Last updated on Jan 2018
Course Objectives:
The objective of the course is to teach programming (with an emphasis on problem solving) and introduce elementary data structures. The student should, at a rudimentary level, be able to prove correctness (loop invariants, conditioning, etc) and analyze efficiency (using the `O' notation).
Learning Outcomes:
After the successful completion of the course the student will be able to :
- Design correct programs to solve problems.
- Choose efficient data structures and apply them to solve problems.
- Analyze the efficiency of programs based on time complexity.
- Prove the correctness of a program using loop invariants, pre-conditions and post-conditions in programs.
Course Contents:
- Review of Problem Solving using computers, Abstraction, Elementary Data Types. Algorithm design- Correctness via Loop invariants as a way of arguing correctness of programs, preconditions, post conditions associated with a statement. (3 lectures)
- Complexity and Efficiency via model of computation (notion of time and space), mathematical preliminaries, Elementary asymptotics (big-oh, big-omega, and theta notations). (3 lectures)
- ADT Array -- searching and sorting on arrays:Linear search, binary search on a sorted array. Bubble sort, Insertion sort, Merge Sort and analysis; Emphasis on the comparison based sorting model. Counting sort, Radix sort, bucket sort. (6 lectures)
- ADT Linked Lists, Stacks, Queues:List manipulation, insertion, deletion, searching a key, reversal of a list, use of recursion to reverse/search.
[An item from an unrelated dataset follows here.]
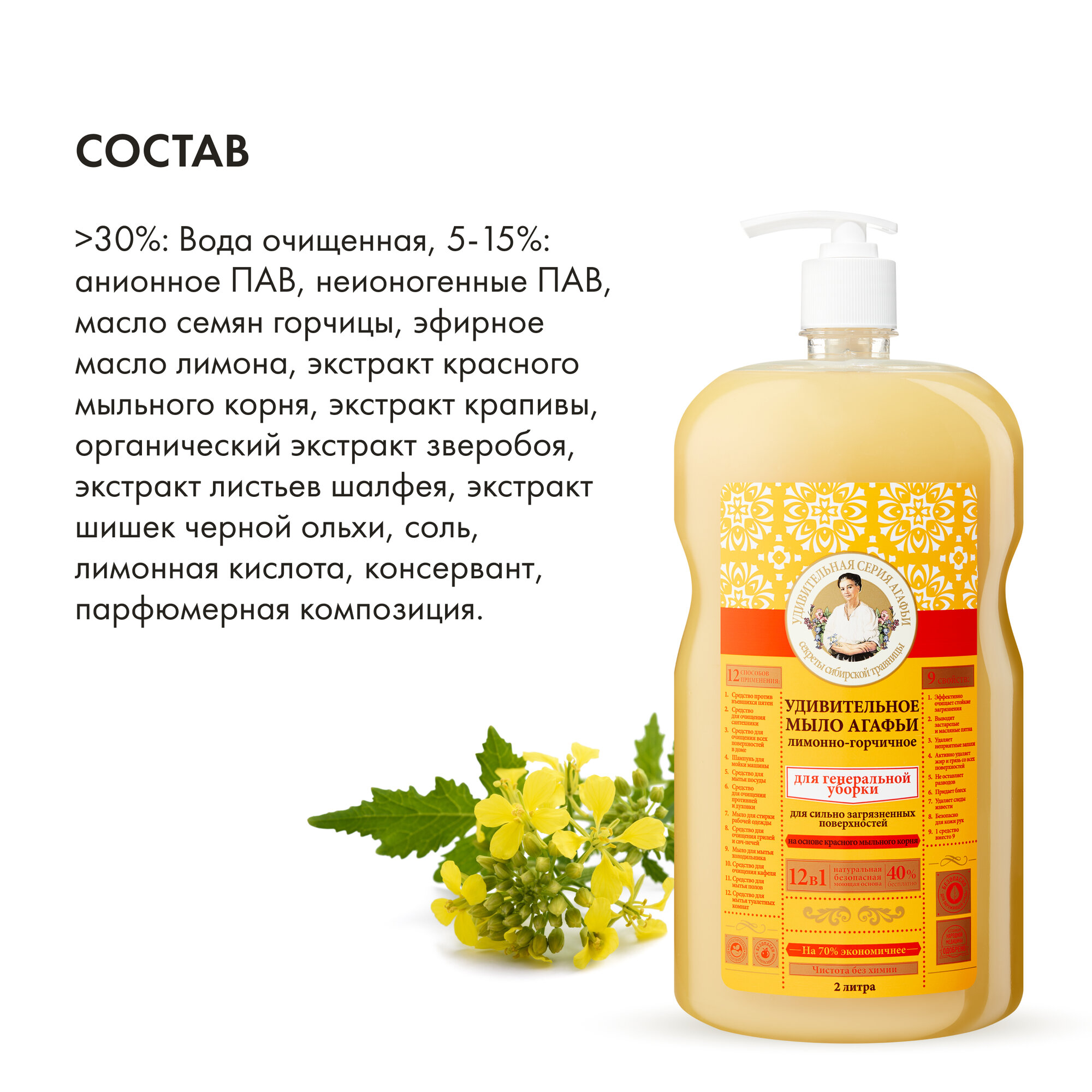 Хозяйственное мыло рецепты бабушки агафьи Лимонно-горчичное, для генеральной уборки, 2 л

Doubly linked lists and circular linked lists. (3 lectures)
- Stacks and queues as dynamic data structures implemented using linked lists. Analyse the ADT operations when implemented using arrays. (3 lectures)
- ADT Binary Trees:Tree representation, traversal, application of binary trees in Huffman coding. Introduction to expression trees: traversal vs post/pre/infix notation. Recursive traversal and other tree parameters (depth, height,
number of nodes etc.) (4 lectures)
- ADT Dictionary: Binary search trees, balanced binary search trees - AVL Trees. Hashing - collisions, open and closed hashing, properties of good hash functions. (3+3 lectures)
- ADT Priority queues: Binary heaps with application to in-place sorting (5 lectures)
- Graphs: Representations (Matrix and Adjacency List), basic traversal techniques: Depth First Search + Breadth First Search (Stacks and Queues) (5 lectures)
(Note : The ADTs will be taught using C++, introducing its syntax as required to explain the concepts (such as objects, classes, encapsulation, operator overloading, polymorphism and basic STL such as string and vector).
Text Books:
- Data Structures and Algorithm Analysis in C++, by Mark Allen Weiss (Pearson 2007).
Reference Books:
- Data structures and Algorithms in C++ -- by Adam Drozdek (1994 2001).
- How to solve it by Computer -- by R G Dromey (PHI 1982, Paperback 2008).
- Fundamentals of Data Structures in C -- by Horowitz, Sahni and Anderson-Freed (Silicon Press 2007).
- Data Structure Using C and C++ -- by Y. Langsam, M. J. Augenstein and A. N. Tanenbaum (Pearson Education, 2nd Edition, 2015).